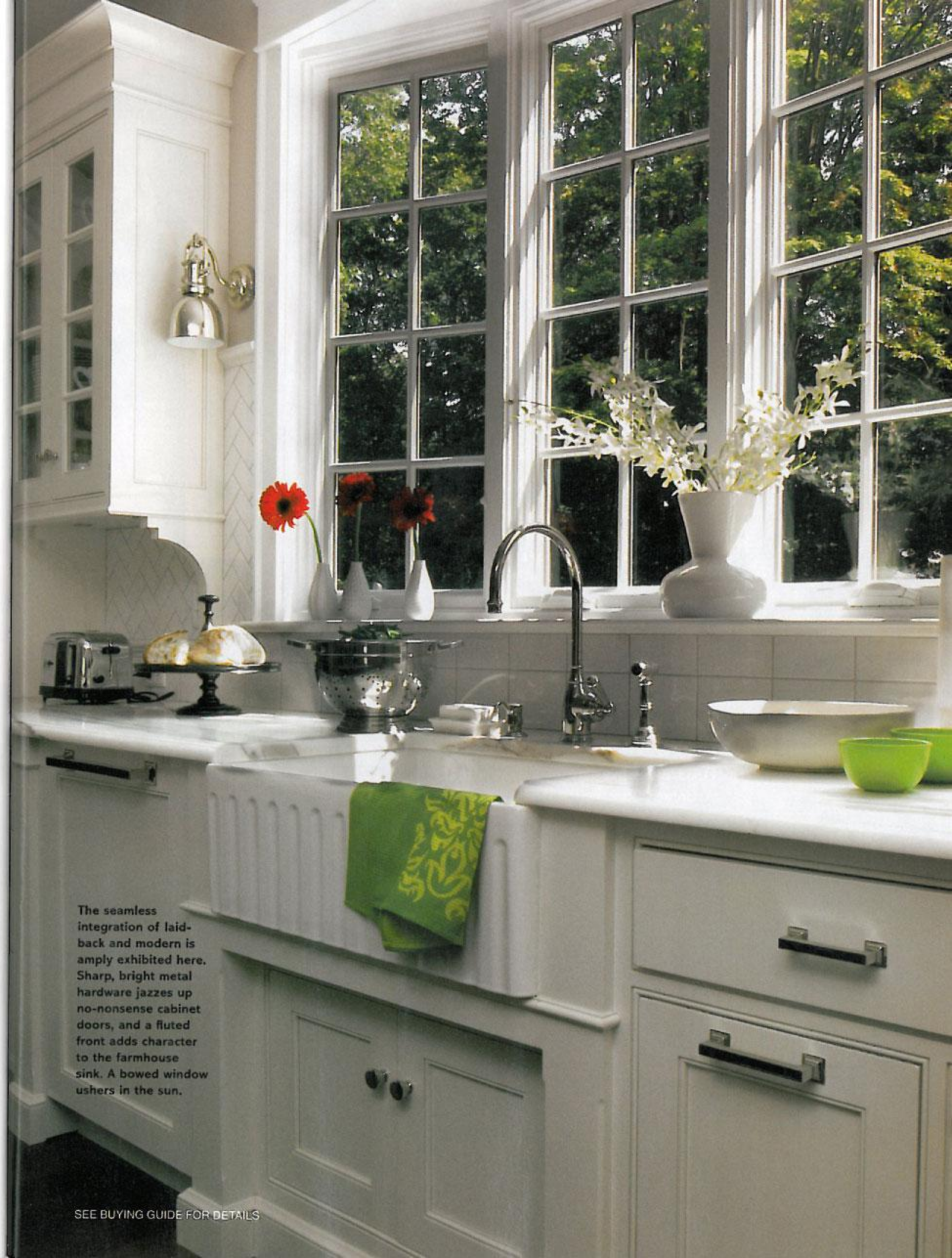
The seamless integration of laid-back and modern is amply exhibited here. Sharp, bright metal hardware jazzes up no-nonsense cabinet doors, and a fluted front adds character to the farmhouse sink. A bowed window ushers in the sun.
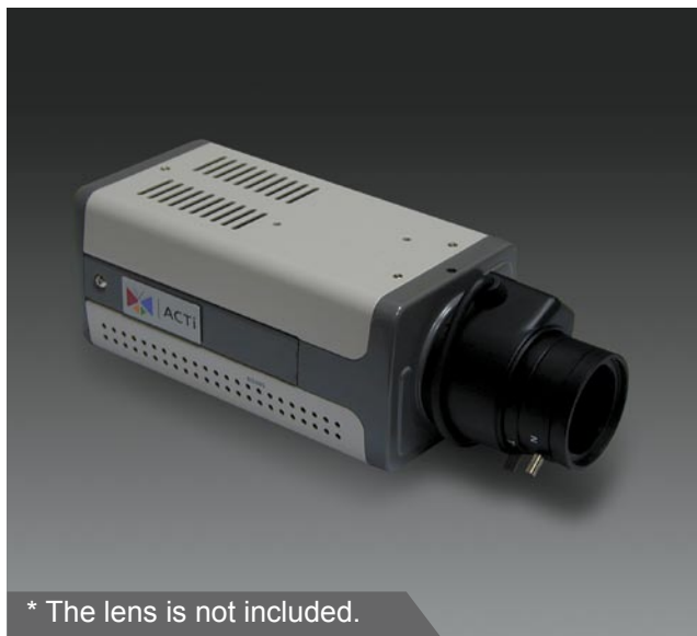
* The lens is not included.
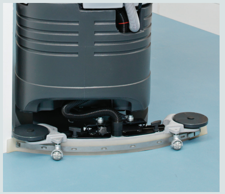
The squeegee does not swing, (it moves only when hitting obstacles) so it perfectly follows the deck/water track and guarantees complete water pick-up, even on tight turns, without leaving any trace
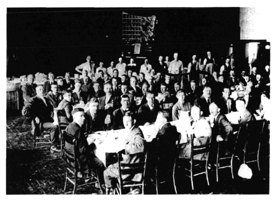
Members of the Citizens' Committee of 1000 at a Banquet After the Strike. C. 1919.

An Action from which it may be apprehended that this Constitution and this form of Government is to be attacked must be an occasion for the performance by this Government of its full and unquestioned duty to protect its laws and its own dignity, and thus to protect the subject, by retaining for him that Constitution which for 200 years has been the wonder of the world and the proudest boast of the Englishman.<sup>33</sup>
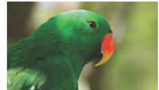
Located in the tropical zones of the continent, there are a wide spread of flora and fauna.

people, and for those who enjoy the sunshine, we have nine months of summer and no winter.
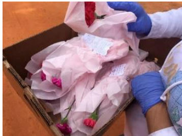
Local Mothers' Day Outreach
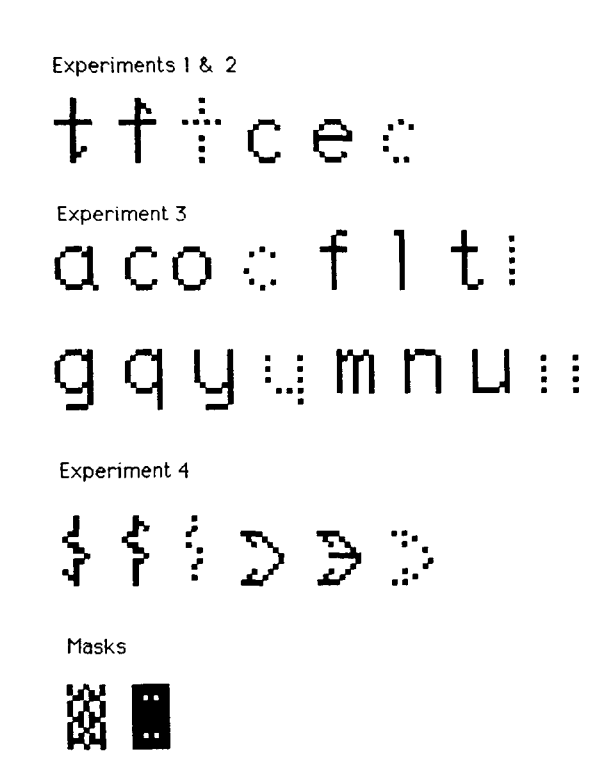
Figure 2. The targets (solid forms), primes (dotted forms), and masks (bottom row) used in each experiment.

The events on each trial were as follows: A fixation point (a "+") appeared at the center of the display area for 250 msec, followed by a blank interval of 250 msec; a priming period of 33-67 msec (depending on the experiment); a target period of approximately the same length; a masking period of 500 msec; a forced-choice display terminated by the subject's response; and either a positive ("+" for 125 msec) or a negative ("-" for 250 msec) feedback display that depended on the correctness of the response. The stimuli were centered on the same location (the letters had a common baseline). The interval between trials was 400 msec. The initial target duration varied with the experiment, and the effective duration for each subject was adjusted after each block, depending on performance during that block. Duration was adjusted upward if perfor-
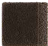
Mink Brown 707
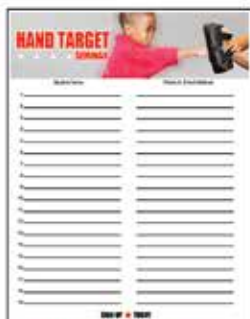
SIGN UP SHEET
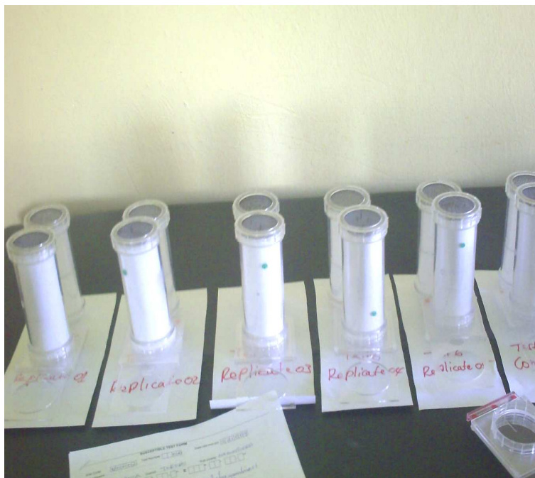
Figure 2: The susceptibility/vector resistance study tubes of our work on 21 st Oct 2009.

Your assignment
Search the data for the string "subject" and copy each line where it appears.

Result for this exercise
An Action from which it may be apprehended that this Constitution and this form of Government is to be attacked must be an occasion for the performance by this Government of its full and unquestioned duty to protect its laws and its own dignity, and thus to protect the subject, by retaining for him that Constitution which for 200 years has been the wonder of the world and the proudest boast of the Englishman.<sup>33</sup>
The events on each trial were as follows: A fixation point (a "+") appeared at the center of the display area for 250 msec, followed by a blank interval of 250 msec; a priming period of 33-67 msec (depending on the experiment); a target period of approximately the same length; a masking period of 500 msec; a forced-choice display terminated by the subject's response; and either a positive ("+" for 125 msec) or a negative ("-" for 250 msec) feedback display that depended on the correctness of the response. The stimuli were centered on the same location (the letters had a common baseline). The interval between trials was 400 msec. The initial target duration varied with the experiment, and the effective duration for each subject was adjusted after each block, depending on performance during that block. Duration was adjusted upward if perfor-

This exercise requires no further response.